◆ WORK ITEM
Please copy the data below exactly, from its first line through the line holding "终于到了大家最爱上的课(也是", and skip the pictures.

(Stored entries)
BEGIN

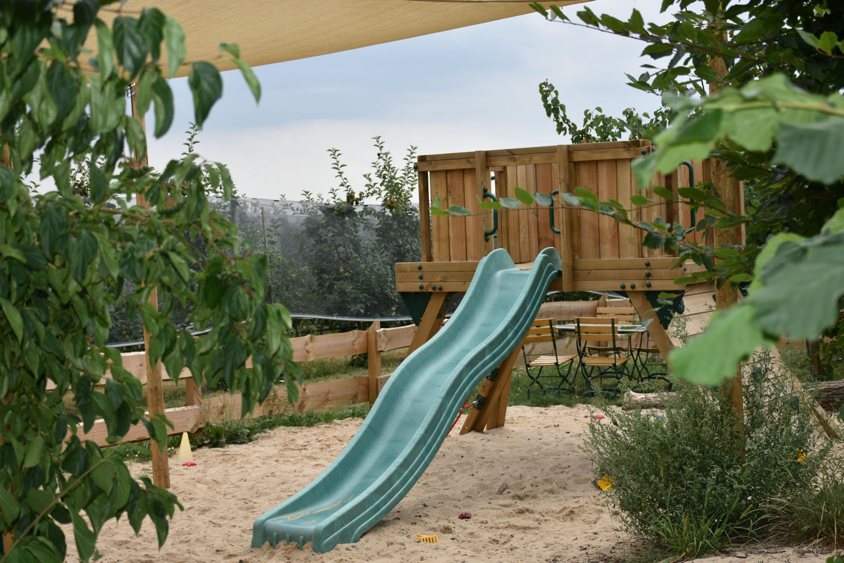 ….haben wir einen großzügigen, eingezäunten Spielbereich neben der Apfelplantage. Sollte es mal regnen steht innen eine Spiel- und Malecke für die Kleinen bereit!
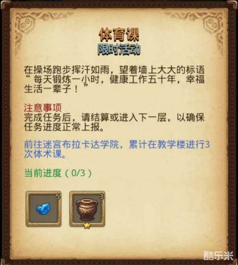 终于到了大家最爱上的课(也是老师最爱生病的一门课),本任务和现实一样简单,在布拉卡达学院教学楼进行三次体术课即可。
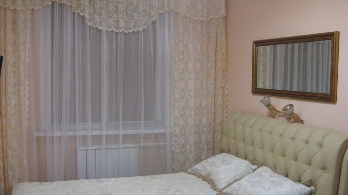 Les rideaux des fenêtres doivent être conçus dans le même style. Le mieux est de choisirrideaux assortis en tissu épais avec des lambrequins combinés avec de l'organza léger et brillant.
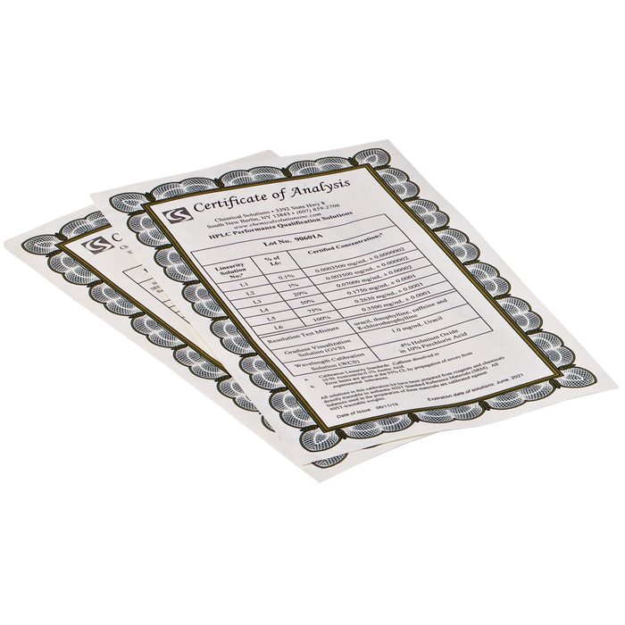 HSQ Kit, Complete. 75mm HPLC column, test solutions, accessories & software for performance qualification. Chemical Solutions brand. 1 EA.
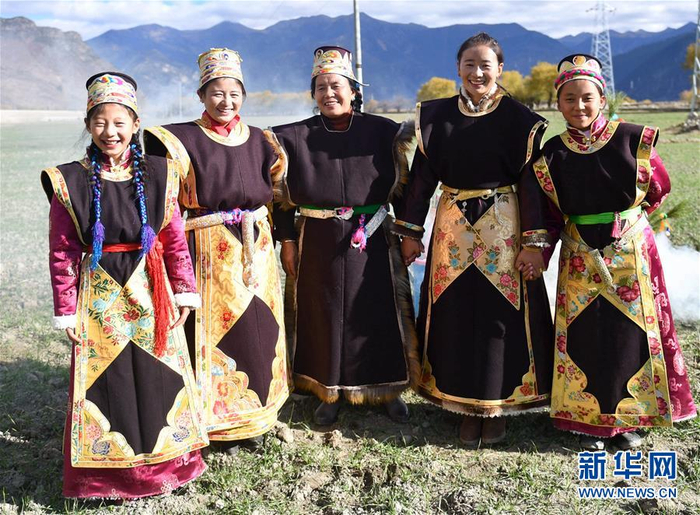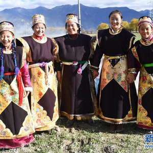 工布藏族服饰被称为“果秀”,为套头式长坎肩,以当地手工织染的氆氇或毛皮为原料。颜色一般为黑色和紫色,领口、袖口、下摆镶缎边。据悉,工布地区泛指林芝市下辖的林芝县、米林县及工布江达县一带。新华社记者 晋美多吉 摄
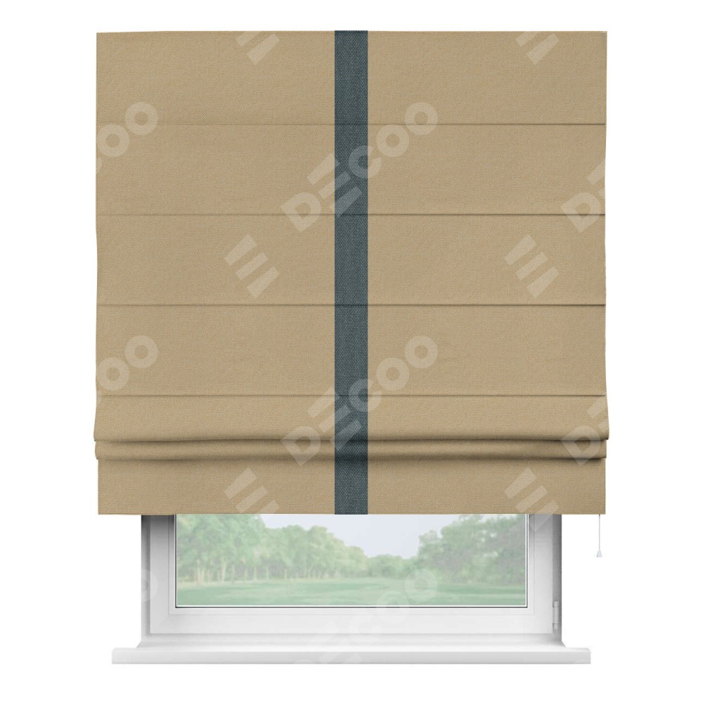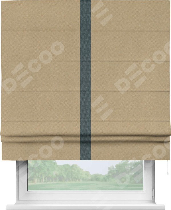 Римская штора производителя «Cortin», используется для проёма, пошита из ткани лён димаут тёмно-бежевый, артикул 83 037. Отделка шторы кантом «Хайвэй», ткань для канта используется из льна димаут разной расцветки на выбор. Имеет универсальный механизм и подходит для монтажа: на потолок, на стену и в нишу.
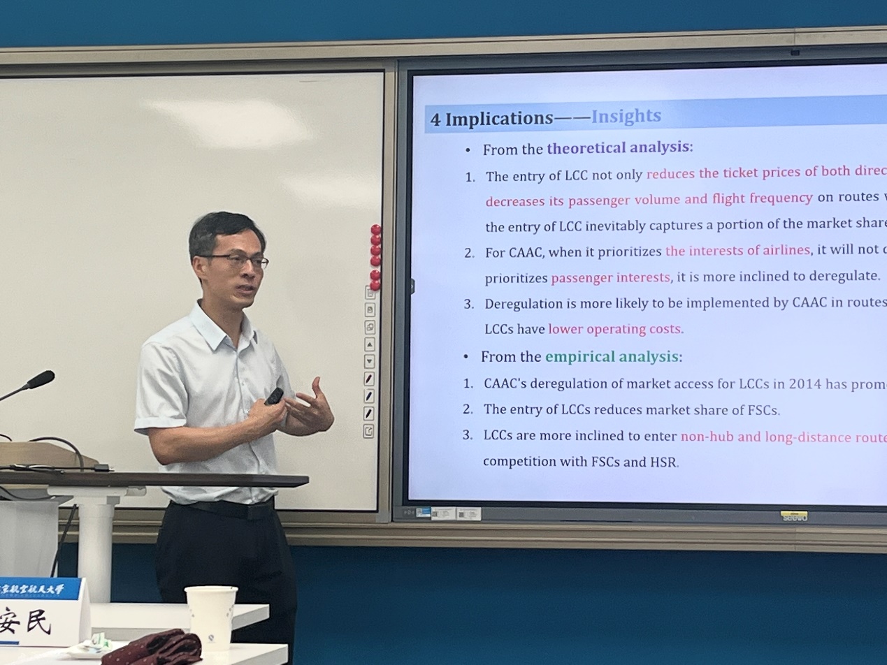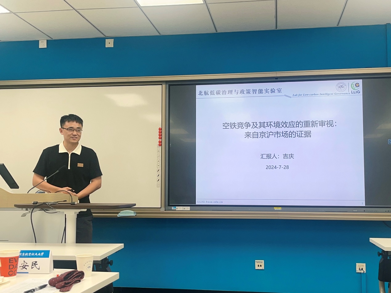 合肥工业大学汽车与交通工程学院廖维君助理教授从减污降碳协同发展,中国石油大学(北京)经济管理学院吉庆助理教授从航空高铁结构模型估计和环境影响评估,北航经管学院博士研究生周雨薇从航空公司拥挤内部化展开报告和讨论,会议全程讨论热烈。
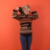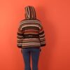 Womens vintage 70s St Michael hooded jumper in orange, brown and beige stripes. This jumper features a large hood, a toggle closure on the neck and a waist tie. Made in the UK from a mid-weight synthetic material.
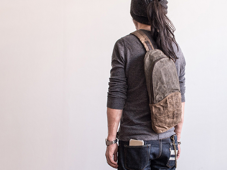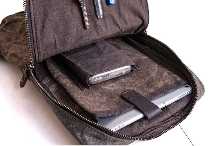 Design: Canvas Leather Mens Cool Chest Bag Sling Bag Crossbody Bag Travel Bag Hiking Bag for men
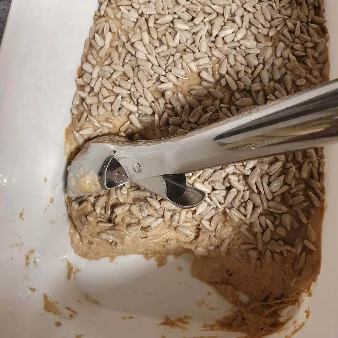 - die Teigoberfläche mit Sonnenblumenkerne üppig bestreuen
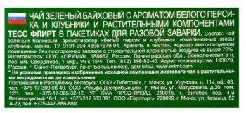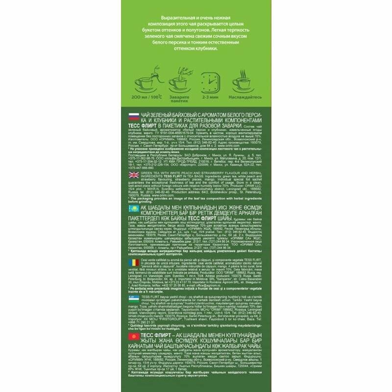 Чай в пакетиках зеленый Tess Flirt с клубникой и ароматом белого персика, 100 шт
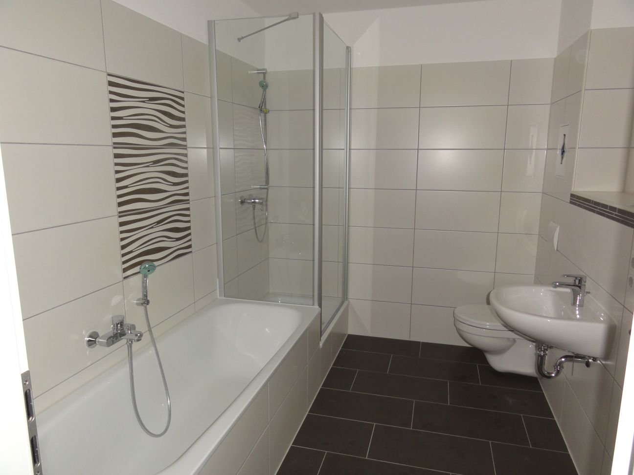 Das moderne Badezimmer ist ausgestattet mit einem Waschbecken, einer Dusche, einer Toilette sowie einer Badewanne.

END

◆ ANSWER SPACE
 ….haben wir einen großzügigen, eingezäunten Spielbereich neben der Apfelplantage. Sollte es mal regnen steht innen eine Spiel- und Malecke für die Kleinen bereit!
 终于到了大家最爱上的课(也是老师最爱生病的一门课),本任务和现实一样简单,在布拉卡达学院教学楼进行三次体术课即可。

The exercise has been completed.